_Problem statement_
A verbatim printing of the entries that follow is needed; pictures must not appear in it.

_Records to use_
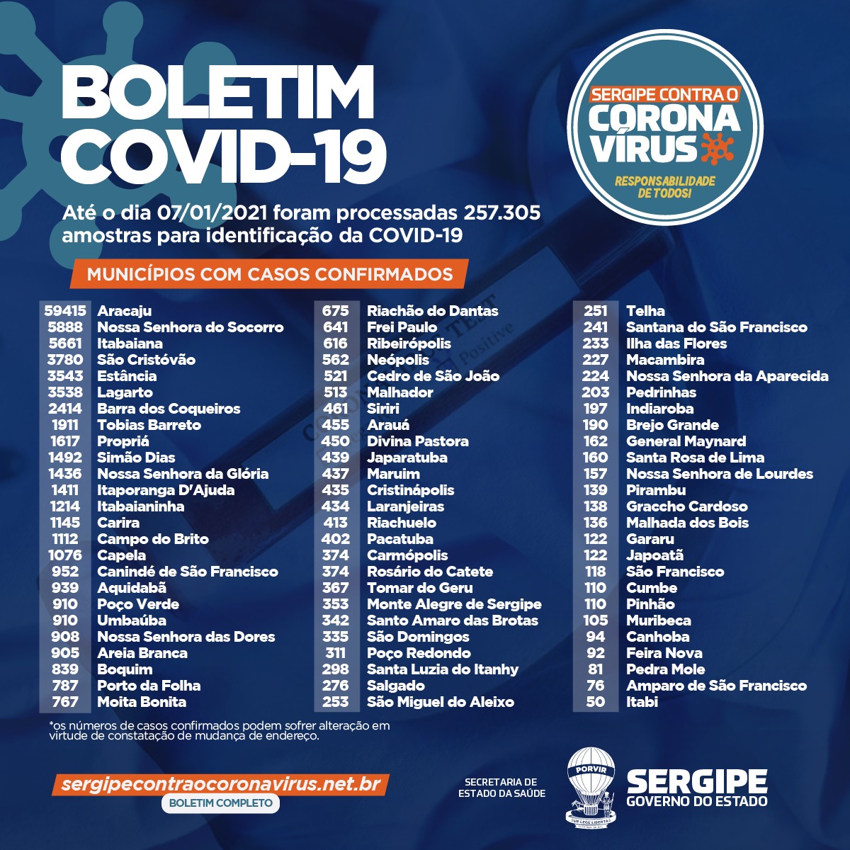 As 12 mortes foram: um homem, 53 anos, de Tobias Barreto, sem comorbidade; uma mulher, 54 anos, de Indiaroba, com diabetes e doença cardiovascular; um homem, 63 anos, de Campo do Brito, com doença cardiovascular, diabetes e doença pulmonar obstrutiva crônica; um homem, 77 anos, de Telha, sem comorbidade; uma mulher, 46 anos, de Aracaju, sem comorbidade; um homem, 55 anos, Aracaju, com Imunodeficiência – portador do virus HIV; um homem, 34 anos, de Aracaju, sem comorbidade; uma mulher, 75 anos, Areia Branca, sem comorbidade; um homem, 62 anos, de Neópolis, sem comorbidade; um homem, 92 anos, de Nossa Senhora do Socorro, com hipertensão; uma mulher,83 anos, de Itabaiana, com hipertensão; um homem, 55 anos, Nossa Senhora do Socorro, hipertensão e diabetes.
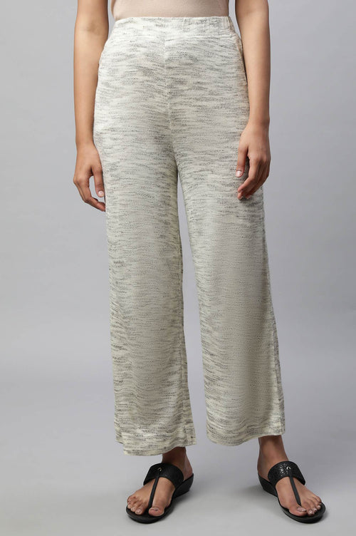 Crafted for effortless elegance, this Grey solid straight-fit palazzo is a versatile addition to your wardrobe. The partially elasticated waistband ensures a comfortable fit, while the soft fabric drapes beautifully for a flattering silhouette. Perfect for casual outings or relaxed evenings, this palazzo pairs seamlessly with tops, kurtas, or tunics to create a chic and polished look.
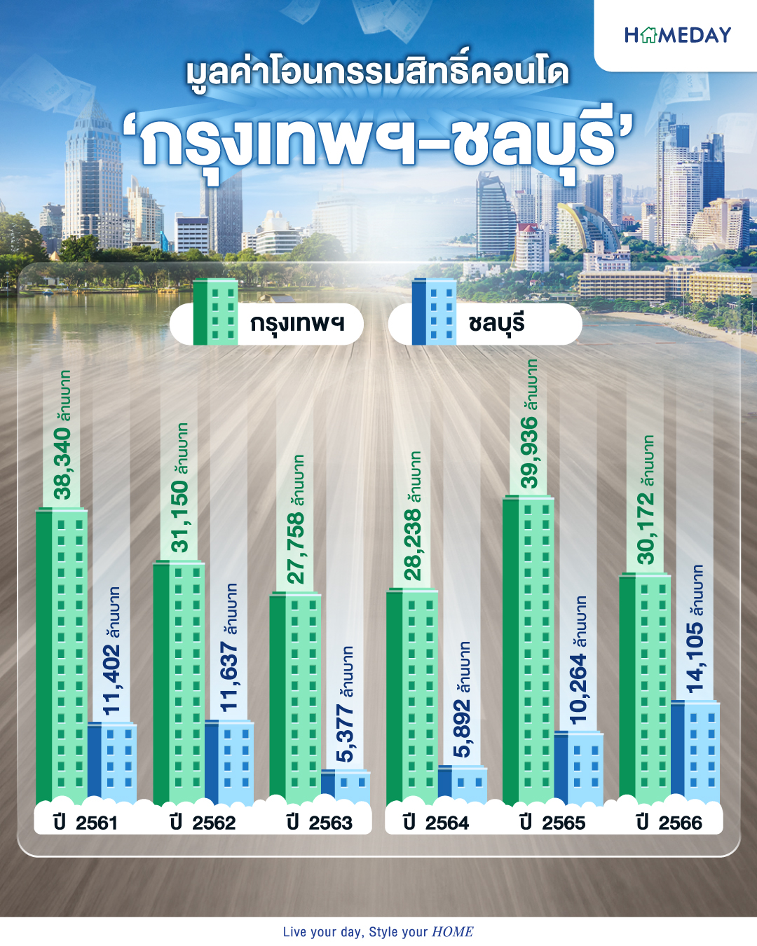 ปี 2561 กรุงเทพฯ 38,340 ล้านบาท ชลบุรี 11,402 ล้านบาทปี 2562 กรุงเทพฯ 31,150 ล้านบาท ชลบุรี 11,637 ล้านบาทปี 2563 กรุงเทพฯ 27,758 ล้านบาท ชลบุรี 5,377 ล้านบาทปี 2564 กรุงเทพฯ 28,238 ล้านบาท ชลบุรี 5,892 ล้านบาทปี 2565 กรุงเทพฯ 39,936 ล้านบาท ชลบุรี 10,264 ล้านบาทปี 2566 กรุงเทพฯ 30,172 ล้านบาท ชลบุรี 14,105 ล้านบาท
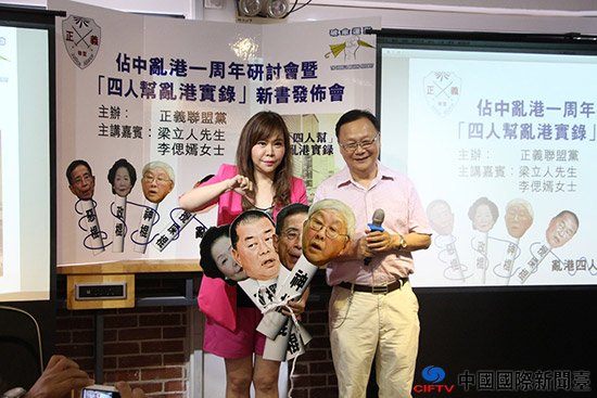 正义联盟党昨日于湾仔举办了“占中乱港一周年研讨会”暨“四人帮乱港实录”新书发布会。正义联盟党主席李偲嫣与资深传媒人梁立人在会上高举“乱港四人帮”李柱铭、陈方安生、陈日君和黎智英的纸板公仔,又播出一段十分钟的回顾影片,让参与市民重新感受“占中”时期的苦况。梁立人在会上表示,违法“占领”行动就如西方式“文化大革命”,为香港社会造成负面影响。
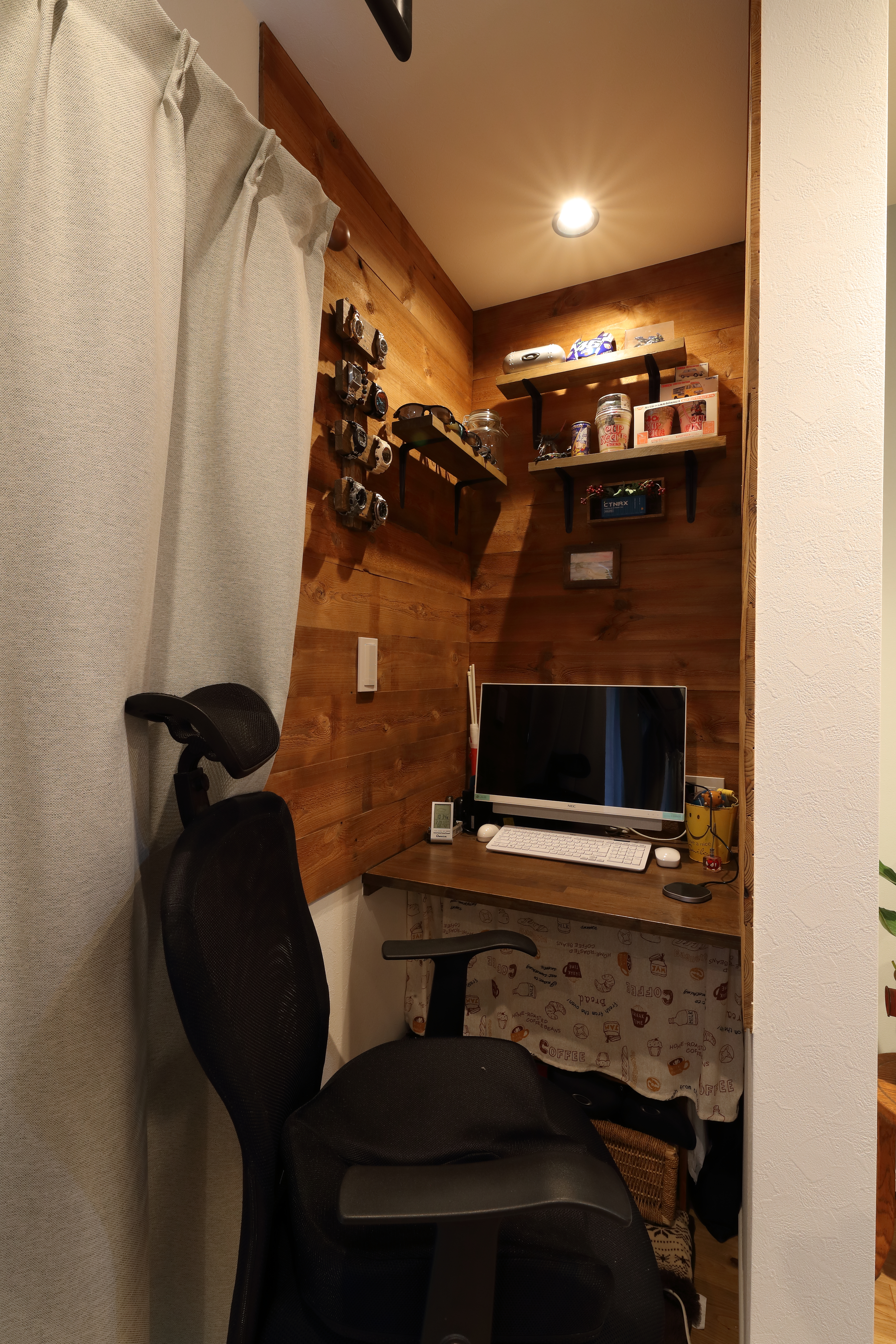 ご主人様:書斎ですね。以前はパソコンをする場所がバラバラでその都度移動しなければいけなかったんですが、今回専用の書斎ができたのでとても気に入ってます。時計が好きでいっぱいディスプレイしました。

_Final answer_
 As 12 mortes foram: um homem, 53 anos, de Tobias Barreto, sem comorbidade; uma mulher, 54 anos, de Indiaroba, com diabetes e doença cardiovascular; um homem, 63 anos, de Campo do Brito, com doença cardiovascular, diabetes e doença pulmonar obstrutiva crônica; um homem, 77 anos, de Telha, sem comorbidade; uma mulher, 46 anos, de Aracaju, sem comorbidade; um homem, 55 anos, Aracaju, com Imunodeficiência – portador do virus HIV; um homem, 34 anos, de Aracaju, sem comorbidade; uma mulher, 75 anos, Areia Branca, sem comorbidade; um homem, 62 anos, de Neópolis, sem comorbidade; um homem, 92 anos, de Nossa Senhora do Socorro, com hipertensão; uma mulher,83 anos, de Itabaiana, com hipertensão; um homem, 55 anos, Nossa Senhora do Socorro, hipertensão e diabetes.
 Crafted for effortless elegance, this Grey solid straight-fit palazzo is a versatile addition to your wardrobe. The partially elasticated waistband ensures a comfortable fit, while the soft fabric drapes beautifully for a flattering silhouette. Perfect for casual outings or relaxed evenings, this palazzo pairs seamlessly with tops, kurtas, or tunics to create a chic and polished look.
 ปี 2561 กรุงเทพฯ 38,340 ล้านบาท ชลบุรี 11,402 ล้านบาทปี 2562 กรุงเทพฯ 31,150 ล้านบาท ชลบุรี 11,637 ล้านบาทปี 2563 กรุงเทพฯ 27,758 ล้านบาท ชลบุรี 5,377 ล้านบาทปี 2564 กรุงเทพฯ 28,238 ล้านบาท ชลบุรี 5,892 ล้านบาทปี 2565 กรุงเทพฯ 39,936 ล้านบาท ชลบุรี 10,264 ล้านบาทปี 2566 กรุงเทพฯ 30,172 ล้านบาท ชลบุรี 14,105 ล้านบาท
 正义联盟党昨日于湾仔举办了“占中乱港一周年研讨会”暨“四人帮乱港实录”新书发布会。正义联盟党主席李偲嫣与资深传媒人梁立人在会上高举“乱港四人帮”李柱铭、陈方安生、陈日君和黎智英的纸板公仔,又播出一段十分钟的回顾影片,让参与市民重新感受“占中”时期的苦况。梁立人在会上表示,违法“占领”行动就如西方式“文化大革命”,为香港社会造成负面影响。
 ご主人様:書斎ですね。以前はパソコンをする場所がバラバラでその都度移動しなければいけなかったんですが、今回専用の書斎ができたのでとても気に入ってます。時計が好きでいっぱいディスプレイしました。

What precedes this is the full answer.